I bet there’ll be a lot of stuff like that in the future: people being witnesses to hit-and-run crashes and recovering stolen bikes.

Somebody told a story about a bike that she recovered. She found it on Craigslist. It didn’t happen because of the Chainlink but Chainlinkers were chiming in and I think they helped her out. She might have gotten the bike back otherwise but it was an enlightening story for the community.

And you post Craigslist bike-related Missed Connections on the Chainklink.

That’s a fun thing. But what I’ve said from the beginning is there are people and groups and institutions that are already doing great things and we don’t want to replace them. So we don't want to have our own Missed Connections because it already exists on Craigslist. So the Chainlink is not about replacing but about aggregating, bringing different people and things together.

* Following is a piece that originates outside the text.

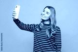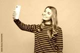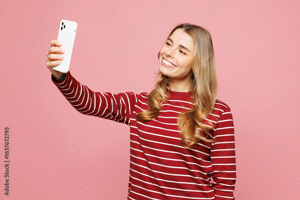 Young woman wearing red striped sweatshirt casual clothes doing selfie shot on mobile cell phone post photo on social network isolated on plain pastel light pink background studio. Lifestyle concept.

The obvious thing that the Chainlink is replacing is the Chicago Critical Mass listserv. It appears that there’s less and less postings on that since the Chainlink started. I’m not saying that’s good or bad – some people feel that’s a good thing. But if you created the Chainlink because you wanted the cycling scene to be less fragmented, what do you think it means that the Chainlink is making the Critical Mass list irrelevant?

The conversations that were taking place on the Critical Mass listserv are still taking place. They’re just not taking place in people’s inboxes, they’re taking place on the site. And they’re actually bringing more people into those conversations. It’s putting those conversations in a central place and recording them. Like if I saw a year ago that somebody had a really good suggestion for bike clubs on the CCM list I’d have to go back through my inbox and maybe I deleted it. So the Chainlink brings all that good stuff in one place and packages it. And other people can chime in who aren’t on the listserv.

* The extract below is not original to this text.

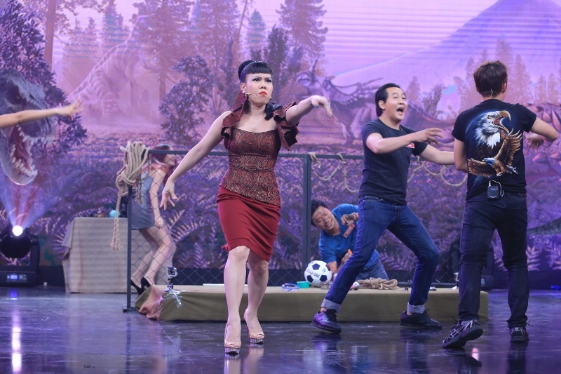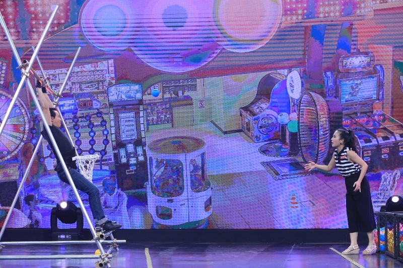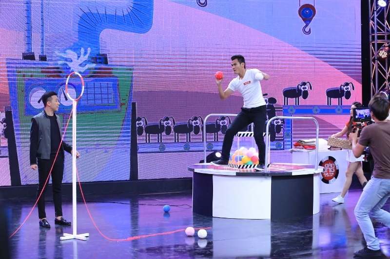 Sau khi vượt qua 3 trái đầu tiên, Phi Long bỏ cuộc vì không trụ nổi. Anh buông tay khỏi xà, đứng múa hát quay cuồng khiến cô bạn ném banh loạn xạ vì tức giận. |

Trust me, I’ve heard it from other people too. The Chainlink was never designed to replace the CCM list or Critical Mass. I wasn’t even really on Critical Mass. What it’s doing is opening up these conversations to so many more people. When we poled people a while back using Zoomerang, we found that about 75% of the people who are on the site are not a member of any bike group. I call them “un-grouped.” There are just kind of like little islands of cyclists who weren’t privy to the conversations on the CCM list.

There are thousands of cyclists out there and there were, I think, 500 people on the CCM list and maybe 50 members of Chicago Cycling Club. There are so many people who are un-grouped. So this gives them an outlet.

Have any other unusual things come out of the Chainlink?

If they have I haven’t heard about it. I know that some people have gone on dates with people that they’ve met on a ride that they heard about through the site. Or somebody friended someone and they started talking about something and wound up going on dates. But we don’t have any Chainlink babies yet.

8 comments:

Bob said...

Good article. Thanks, John. I signed up for Chainlink early on, and it was nice to learn a little more about it, about Leah, and how it serves a balance between a mailing list and a group.

There's so much stuff written now it's hard to keep up with everything!

Anonymous said...

Chainlink has been around since early 2009.